The situation you describe, where a provider contract has been allowed to expire, is nothing new. This particular carrier went through the same thing about 2 years ago. Eventually the two came to an agreement but about 60 days had passed.

You can still use the non-par providers but you will pay more out of pocket when you do so. No one is telling you that you cannot continue to see your family doctor or use the hospital down the street.

The plan you have now doesn’t get much use. You are paying about $6,000 per year and, by your own admission, using less than $500 per year in medical services.

You could opt for a plan that pays all medical bills in excess of $10,000 per person for about $250 per month and cutting your annual outlay (in a typical year) to about $3500.

You can take on even more risk by increasing the deductible to $25,000 and dropping the premium to $170 per month making your expected annual outlay around $2500.

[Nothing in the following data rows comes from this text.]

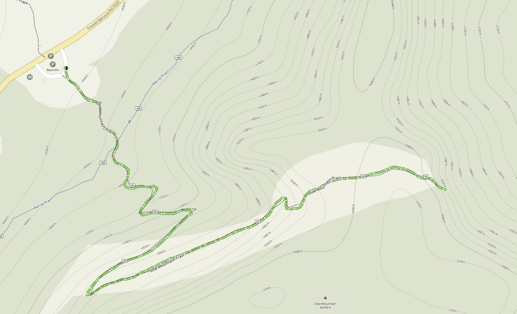 Jedziemy dalej do kolejnego szlaku – Doe Mountain trail (długość1,5 mili, przewyższenie 511 ft).
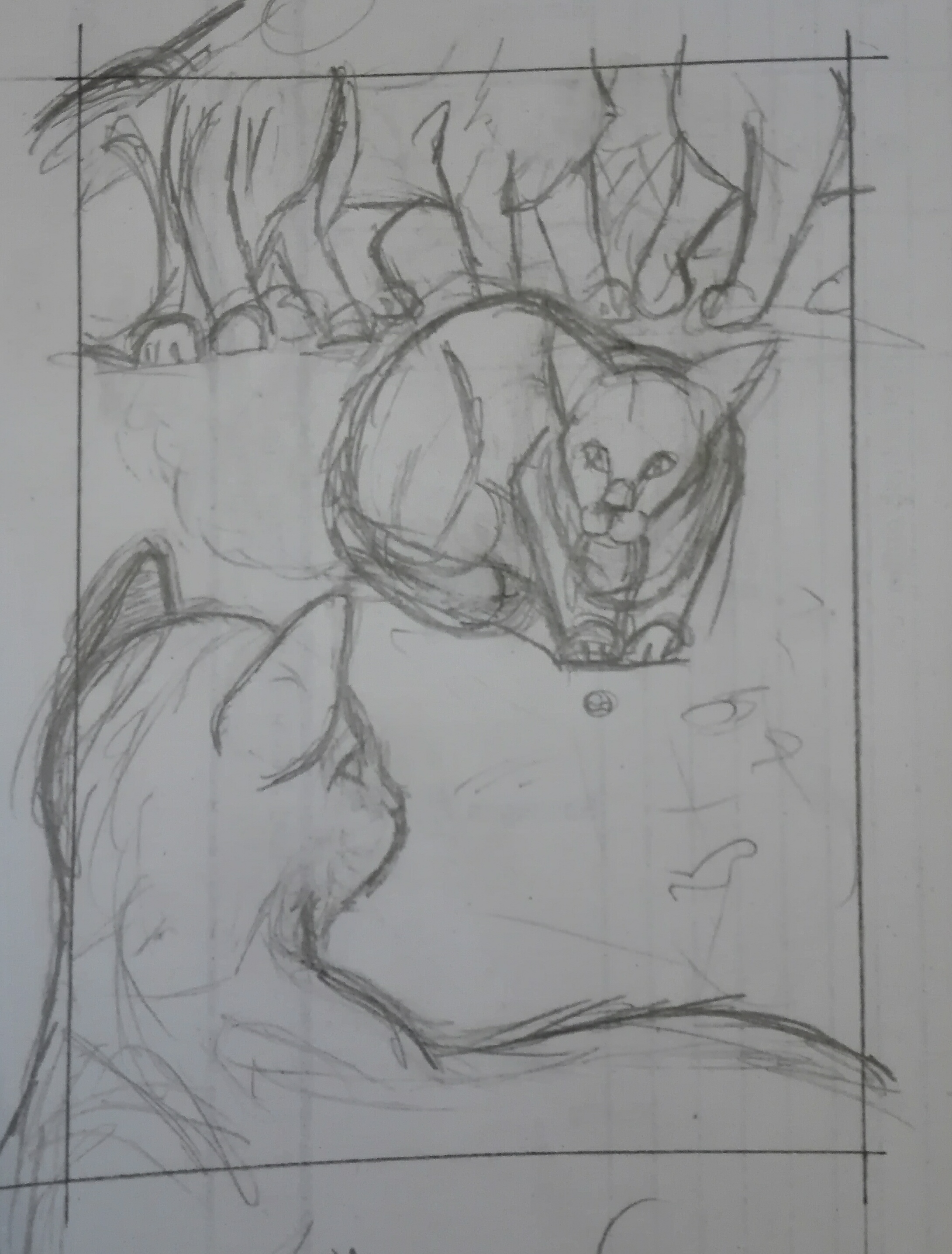 Die Skizze ist auf jeden Fall in Ordnung. Schön, dass du dich gleich an eine so anspruchsvolle Szene gewagt hast.
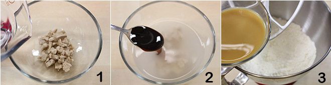 Om de ciaccia met druiven te maken, begint u met het bereiden van het brooddeeg: los de gist op in een beetje lauwwarm water 1 (genomen uit de totale hoeveelheid water die voor het recept is voorzien) en voeg een theelepel mout toe (of suiker of honing) 2, meng dan alles en laat het een paar minuten rusten. Doe de gezeefde bloem in een keukenmachine, voeg het gistmengsel, water en mout toe 3
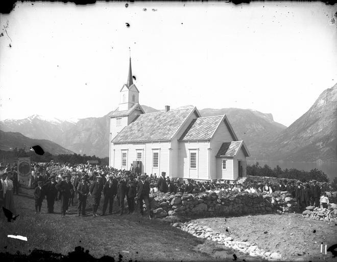 Keywords: Firdastemnet 1912 at Oppstryn.jpg </b> From Firdastemnet arranged by Oppstryn Ungdomslag in 1912 Youth clubs from the entire region of Nordfjord participated To the left are participants from Innvik youth club - their banner reads Opad Fremad Indviken Ungdomslag The partcipants are gathered at Oppstryn church <b>Photographer </b> Knut Aaaning <b>Date </b> 23 june 1912 <b>Medium </b> Glass plate negative <b>Extent </b> 18 x 24 cm <a href http //www fylkesarkiv no/foto/detalj http //www sffarkiv no/sffbasar/default asp p result ptype single db dbfoto sql sfffoto 'SFFf-1995033 268550' rel nofollow >www fylkesarkiv no/foto/detalj http //www sffarkiv no/sff </a> Flickr http //flickr com/photos/37547255 N08/6991944836 Firdastemnet 1912 at Oppstryn 1912-06-23 http //www flickr com/people/37547255 N08 Fylkesarkivet i Sogn og Fjordane Creator Knut A Aaning PD-Old User Flickr upload bot/upload-pd 16 26 11 December 2012 UTC TommyG Images from Fylkesarkivet i Sogn og Fjordane Photographs by Knut A Aaning Oppstryn kyrkje Black and white photographs of groups Black and white photographs of church groups Black and white photographs of religious buildings 1912 photographs 1912 in Norway Files from Flickr uploaded by Tommy Gildseth Black and white photographs of Norway Historical images of Stryn
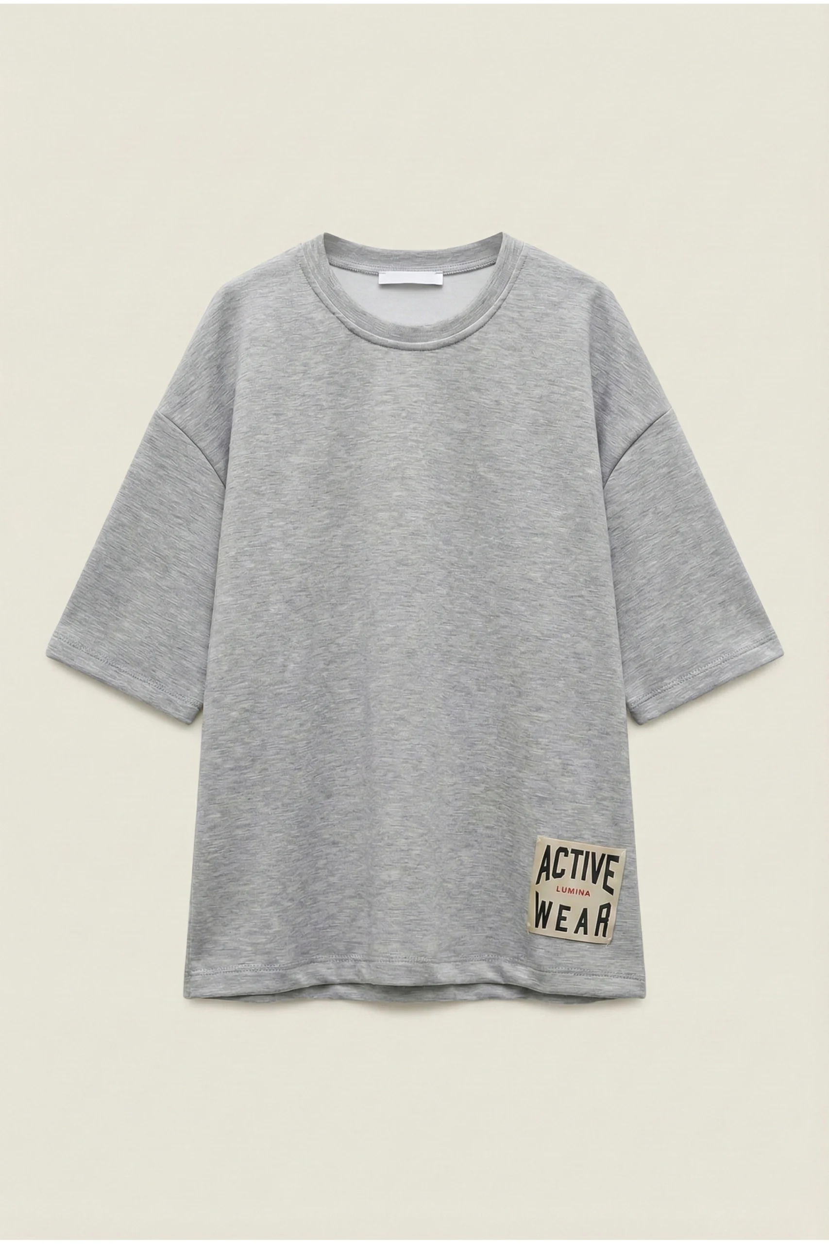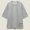 Crew neck T-shirt in viscose blend. Patch applied on the bottom.
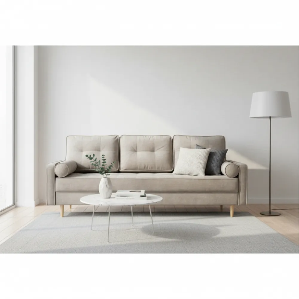 Материал обивки: Ткань. Обивка приятна на ощупь и устойчива к износу, что обеспечивает долговечность и лёгкость ухода. Цвет исполнения — бежевые — подчёркивает эстетичность модели.

Either way you save money in a typical year, enough to ride out a “bad” year once every 3 years at the $10,000 deductible or once every 6 years at the $25,000 deductible level.

Or you can keep paying $6,000 per year and make the carriers rich.

Your choice.

Pregnant

Q. I am 5 months pregnant and looking for health insurance. No one will accept me for coverage. Isn’t there a law against this?

A. Since you are looking for INDIVIDUAL coverage, unless you reside in one of a handful of states, the answer is no. In about 45 states carriers can refuse coverage and can refuse to cover your pregnancy.

Pregnancy is just like any other insurable issue. You must take responsibility and purchase the coverage BEFORE you need it.

You can try and negotiate with providers for a discount but most will want a good portion of their bill up front. You can pick up a discount plan for about $20 per month that will provide you access to doctors & hospitals that have agreed to discount their services in exchange for prompt payment.

If you were no more than 3 months pregnant you could have purchased an INSURED plan that would cover the pregnancy after 6 months.

These are the only options, short of finding work with an employer plan that has health insurance.